LOL the naughty nibbler!


----------



## J.O.Y. Farm (Jan 10, 2012)

Haha!! I have a few that do that.. One of our bucklings is the worst! Trying to break that habit before he gets much bigger!


----------



## Frosty (Feb 13, 2010)

Well the girls had better run and hide tomorrow afternoon. My new clippers I order came today and gonna give it a go and see what happens. hahaha.. Can't in morning running up to Weare to pick up some guinea hens. The way they jump around could be interesting. lol


----------



## J.O.Y. Farm (Jan 10, 2012)

Haha!! Oh they are fun to do the first few times lol!


----------



## HerdQueen (Oct 15, 2012)

Don't forget pictures! I have to clip a kid tommorrow too. I'm not looking forward to it.


----------



## J.O.Y. Farm (Jan 10, 2012)

Yes!

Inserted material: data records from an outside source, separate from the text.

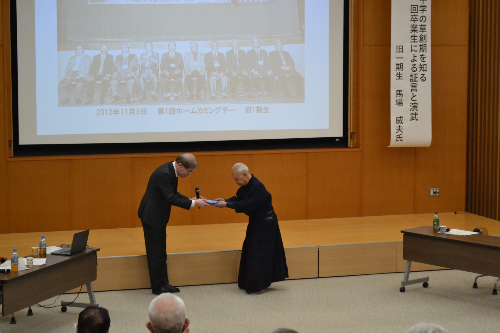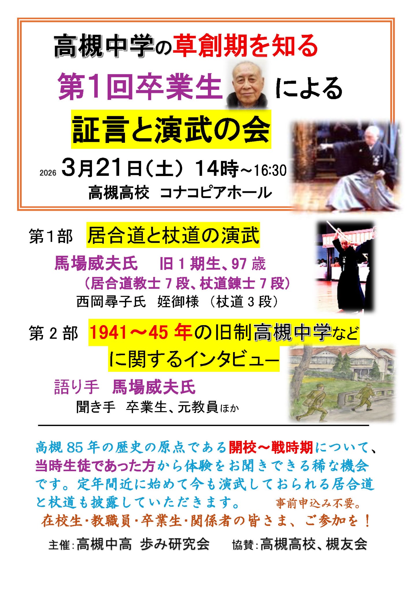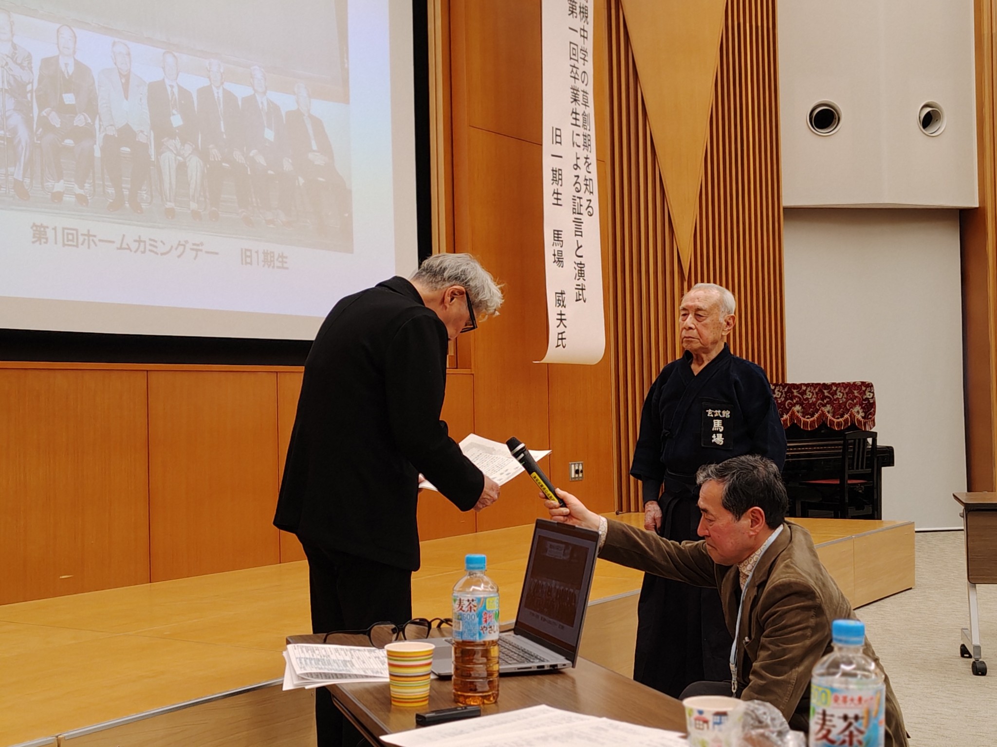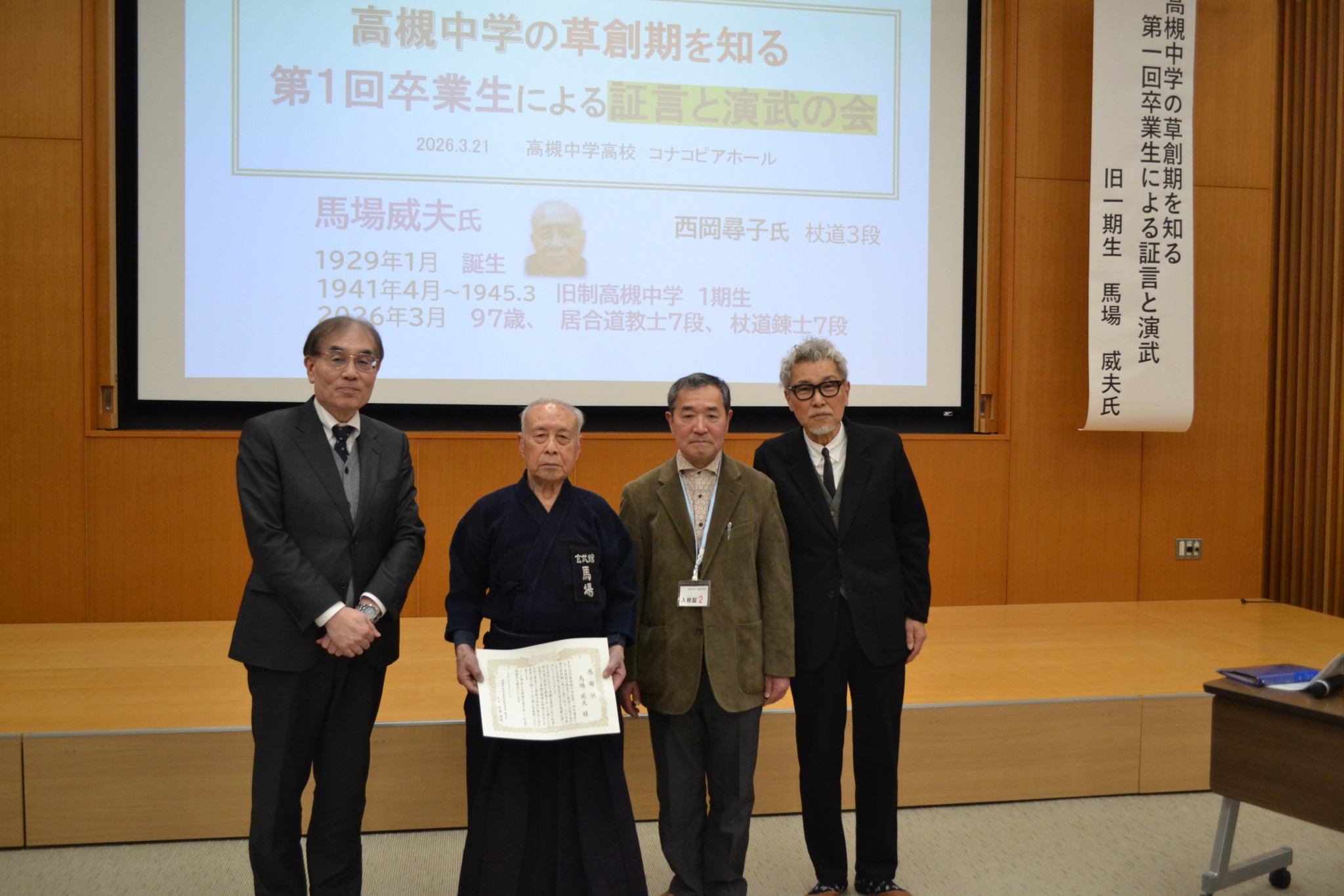 3月21日(土)午後、本校第1期卒業生である馬場威夫様をお招きし、「高槻中学の草創期を知る 第1回卒業生による証言と演武の会」をコナコピアホールにて開催しました。馬場威夫様は1941年に高槻中学校に入学され、現在97歳を迎えられてなおご健勝でいらっしゃいます。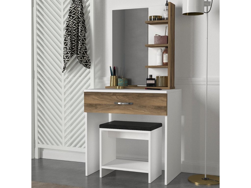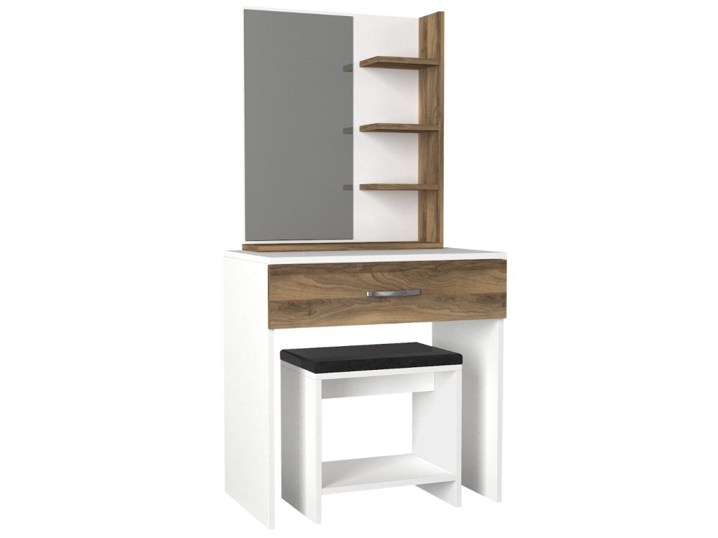 Jednoduchý design toaletního stolku OLIVE nabízí praktický úložný prostor pro vaše kosmetické potřeby v podobě velké zásuvky a otevřených polic vedle zrcadla. Stolek je vyroben z kvalitní LTD desky o tloušťce 18 mm a díky neutrálnímu barevnému provedení jej lze snadno zkombinovat s již zařízeným interiérem v různých stylech.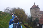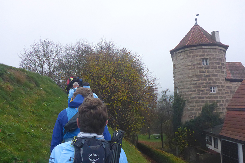 An der ehemaligen Stadtmauer und dem Reifenturm verlassen wir den Ort immer noch leicht aufwärts. Auf dem Galgenberg streifen wir nun die ersten Hopfenfelder. Hier wird der hochfeine Edelaromahopfen angebaut, der dem Spalter Bier seinen besonderen Geschmack verdankt. Er ist fünfmal wertvoller als viele andere Hopfensorten.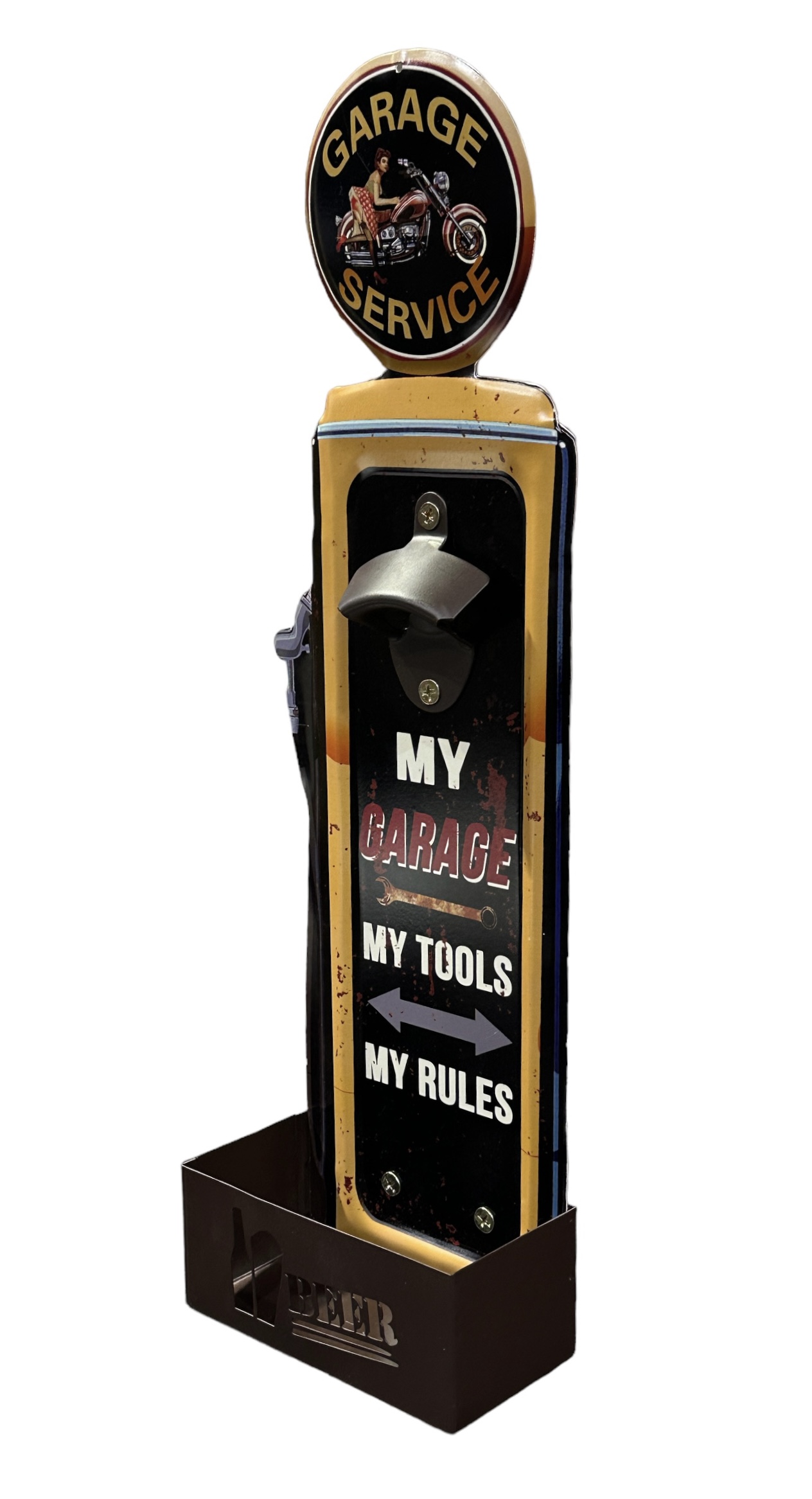 Pullonavaaja Seinälle Garage Service. Peltisen avaajan mitat 14,5 x 48 cm x 7,5 cm.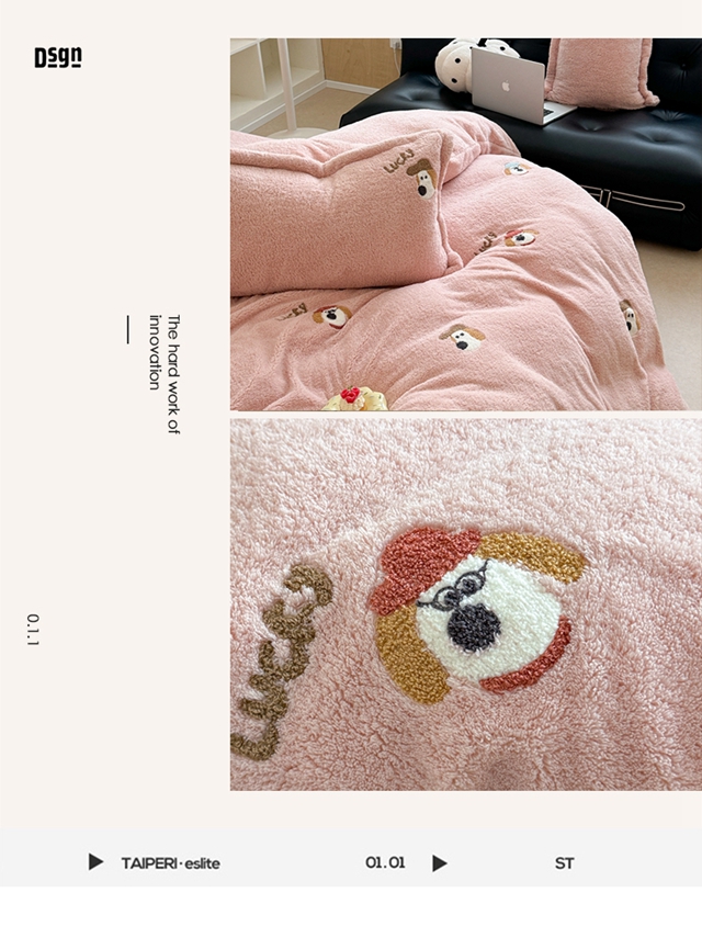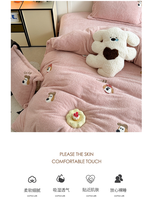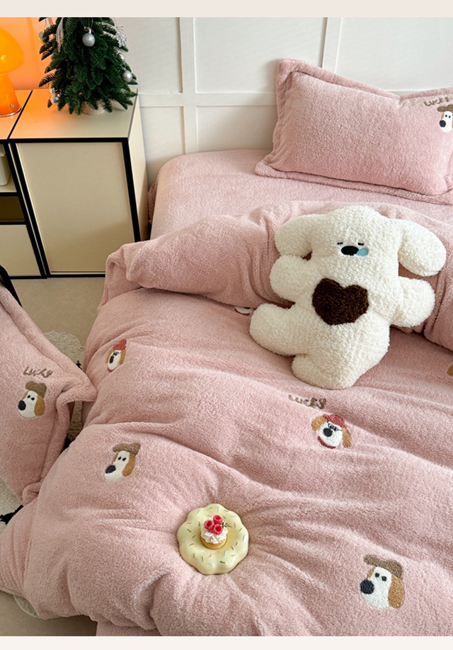 萝莉家纺 2025新款加厚泰迪绒毛巾绣四件套 礼帽狗
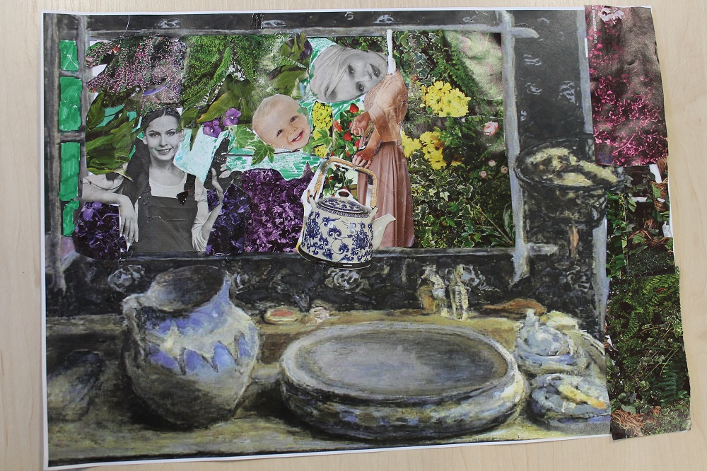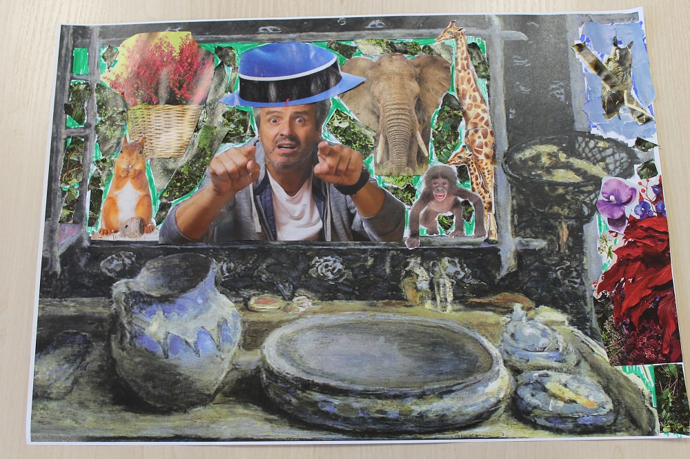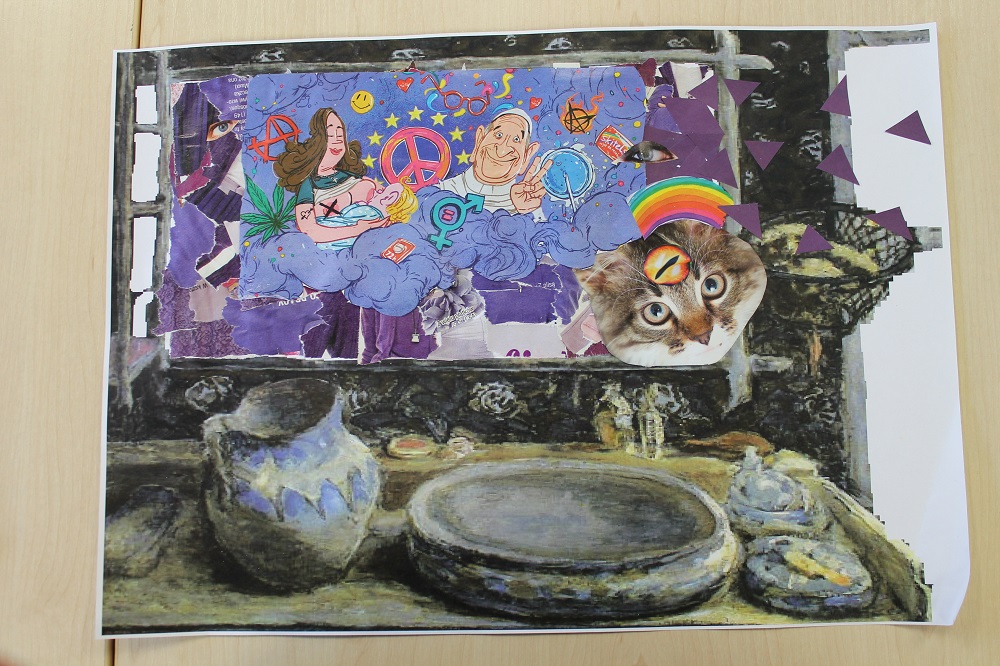 dr hab. sztuki Tomasz Nowak / „Co kryje odbicie w zwierciadle” collage Mając do dyspozycji reprodukcję kompozycji malarskiej z dominującą formą zwierciadła w pokoju/łazience spróbujmy wykreować obraz odbijający się w zwierciadle.

Pics are a must 

I clipped one and a half today.. The storm rolled in as I was half way through Promise and I didn't want the clippers plugged in with the lightning. So I called it a day. Will finish her and do Puffy in the morning


----------



## Frosty (Feb 13, 2010)

Well I did it and am surprised it went so well.. Just remember this is my first attempt and Will need to do some touch ups but at least they will be cooler now.


----------



## J.O.Y. Farm (Jan 10, 2012)

Good job! :thumbup: they look good!


----------



## HerdQueen (Oct 15, 2012)

Nice clipmjob, anytime you feel you need extra practice come on up!


----------